Вопрос удовлетворения голода является главным фактором жизни в советской тюрьме. Делаются научные вычисления, опыты, люди выдумывают «аксиомы сытости». Одни съедают хлеб сразу же, все 450 граммов, засыпав его сахаром. Они утверждают, что необходимо заполнить весь желудок и заставить его усиленно работать, пользуясь максимумом желудочного сока. Другие крошат 450 граммов хлеба в воду и выжидают, пока он не превратится в жидкую кашу. Уверяют, что в таком виде хлеб дает самый большой процент питания. Третьи разрывают хлеб на множество кусочков и жуют его в течение всего дня. Но 450 граммов остаются 450 граммами, и самообман не помогает.
Чтобы убить время, люди ложатся на койки, заворачиваются с головой в одеяло и мечтают. Мечтают о хлебе. Хоть раз еще в жизни, хоть перед смертью, но наесться хлеба до отвала. Даже не свежего, не душистого и пушистого, а любого, черного, с отрубями.
В Бутырках я еще не был таким изголодавшимся волком. Мой желудок все еще находился под контролем разума, но я не могу забыть один случай из моей жизни «там».
Я попал в Сиблаг МВД, у города Мариинска, в пересыльный лагерь «Мар-распред» (Мариинский распределительный пункт). Старые заключенные встретили меня в высшей степени приветливо. Старая артистка Мариинского Театра в Ленинграде, Лидия Михайловна Жуковская, знавшая моего отца в молодости, еще по Лейб-Казачьему полку, страшно обрадовалась нашей встрече. Она знала, что такое голод, сама голодав не раз, и, увидев меня, не могла не заметить, что я стою на границе полного физического краха. В те дни я действительно был «фитилем» или «доходягой».
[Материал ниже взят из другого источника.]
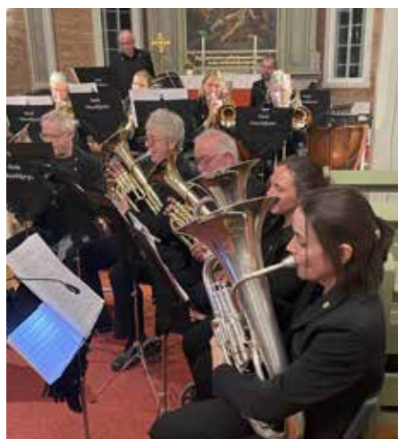
Dale Musikkorps for første gong med pauker, på lån frå Førde.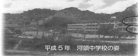
平成5年 河頭中学校の姿

学校長から保護者のみなさまへ御案内とお願いです。 当時のPTAの方が本校で「河頭8・6のつどい」を開催することになりました。当時の河頭中をよくご存じの方、8・6豪雨水害について詳しく知りたい方々参加は自由です。趣旨を御理解いただき、現在のPTA会員の方々にも積極的に参加いただきますようよろしくお願いいたします。 参加できる方は、中学校（238-2663）に事前に御連絡いただくとありがたいです。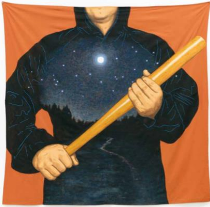
오늘 밤 많은 것이 결정된다, 2017, 천 위에 아크릴릭 과슈, 젯소, 210x210cm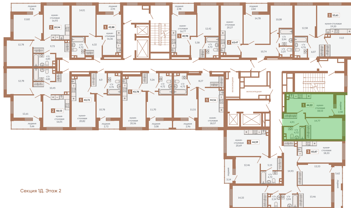
Секция 1Д. Этаж 2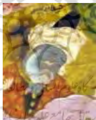
تصویر ۸- بخشی از نگاره آدم و حوا در بهشت.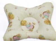
Ортопедическая подушка в форме бабочки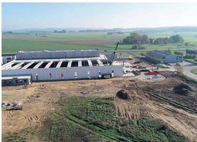
Udvidelsen ligger i forlængelse af den eksisterende fabrik, så Vola får nu 250 meter facade ud mod Vejlevej.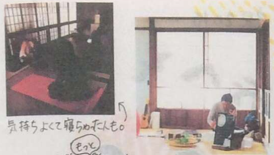
気持ちよくて寝たみたいかも

つむぎでのんびりなイベントを開催しました。 朝ヨガに たたき染め、消しゴムアート、ウクレレを、のんびり、ゆたり楽しみました。 今後ゆる〜く続けていこうと思います。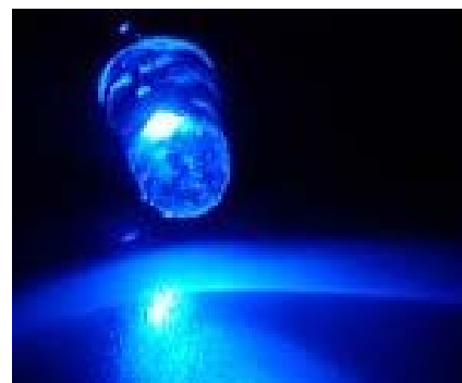
徳島県に本社がある企業の生産する青色LED素子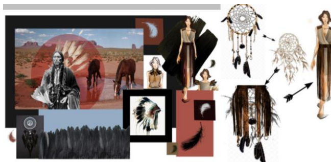
Рис. 6. Структурний аналіз та схема перетворення творчого джерела у костюмні форми колекції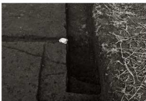
S I 17 柱穴確認状況 (西から)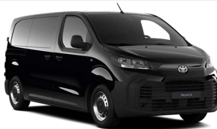
CRNA (KTV) METALIK 700€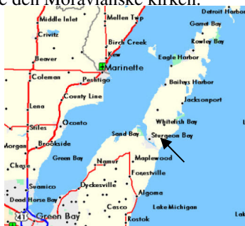
Door County omtrent fra Dyckesville og nordøstover i Lake Michigan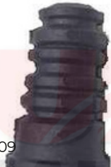
KI-5109 TOPE AMORTIGUADOR SPORTAGE

Лидия Михайловна отозвала меня в сторону и, деликатная и добрая, не желая меня смутить (кто уж смущался в лагерях на положении «огарков»), шепнула:
— Николай Николаевич, дорогой! — вам достала немного покушать. Ешьте, не стесняйтесь. Мы здесь. в лучшем положении. Пища, конечно, не очень аппетитная, но ее вдоволь. Здесь публика вся своя. Свои лагерники, сжившиеся и верные. Идите и ешьте вволю.
Меня подвели к ведру в десять литров, полному лагерного супа, так называемой баланды, из картофеля и капусты. Рядом стояло второе ведро, до половины полное овсяной каши. Конечно, без масла. И дальше — 4 куска хлеба, по 850 граммов каждый.
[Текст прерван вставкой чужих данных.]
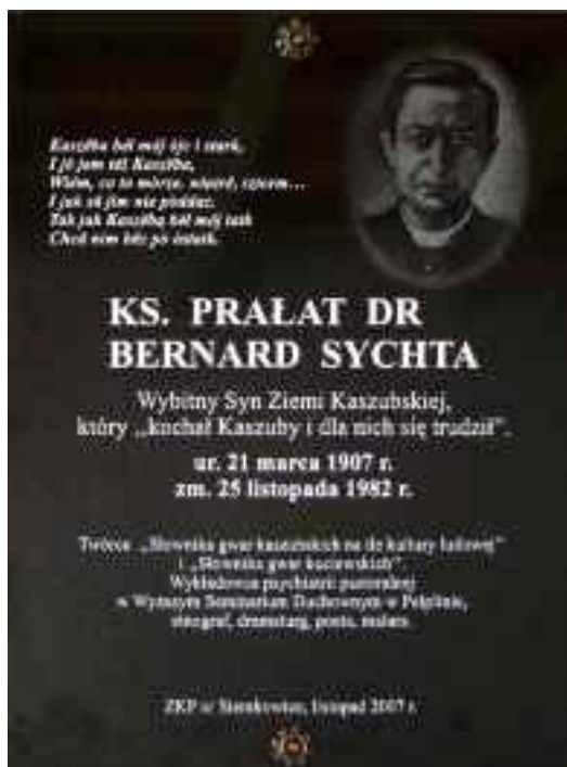
Pamiątkowa tablica w kaplicy Łaszewskich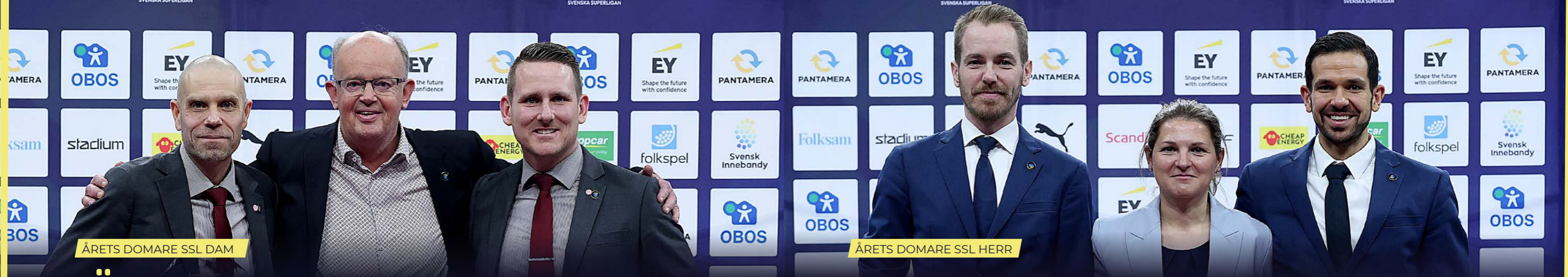
ÅRETS DOMARE SSL DAM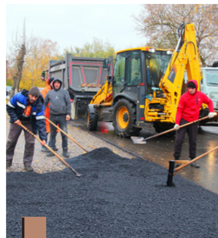
Новые дороги готовы

Я сел и стал есть. Я ел. Ел. Ел.
Мне никто не поверит! Но я ел с передышкой, с легким отдыхом, с небольшими паузами, и я съел все это богатство! Как я себя чувствовал после этого пиршества, не буду говорить. Но умереть я не умер, и у меня не произошло прободения желудка или заворота кишок.
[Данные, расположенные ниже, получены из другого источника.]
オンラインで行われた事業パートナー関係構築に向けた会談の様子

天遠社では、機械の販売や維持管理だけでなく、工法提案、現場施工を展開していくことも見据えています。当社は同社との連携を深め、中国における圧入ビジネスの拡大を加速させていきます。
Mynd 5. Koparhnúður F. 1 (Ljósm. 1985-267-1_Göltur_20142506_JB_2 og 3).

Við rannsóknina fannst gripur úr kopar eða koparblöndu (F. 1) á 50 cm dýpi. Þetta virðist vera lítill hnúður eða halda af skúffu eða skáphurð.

Попав в свободный мир, я изумился, как мало может есть обычный человек. Стакан молока с сахаром, немного омлета, бутерброд с ветчиной, чашечка земляники, и я уже отказываюсь от банана или апельсина. Я сыт по горло. А тогда, в лагере, я съел 10 литров супа, 5 литров каши и 3600 граммов хлеба!
Царь — голод! Голод, хозяин желудка, хозяин мыслей, диктатор всех человеческих поступков. Это хорошо знает МВД!
Царь — голод — их лучший помощник и сотрудник. Поэтому в тюрьмах люди голодают. В них создается прекрасная платформа готовности работать, работать до смерти в лагерях МВД. Кто не работает — тот не ест!
Голод заставляет самых отчаянных врагов коммунизма работать на его стройку. Работаешь и выполняешь норму на все 100 процентов — получаешь 750 граммов хлеба. Выжимаешь 111 процентов — 850 граммов! Еще поднажмешь на 121 процент — «пайка» поднимается до 950 граммов.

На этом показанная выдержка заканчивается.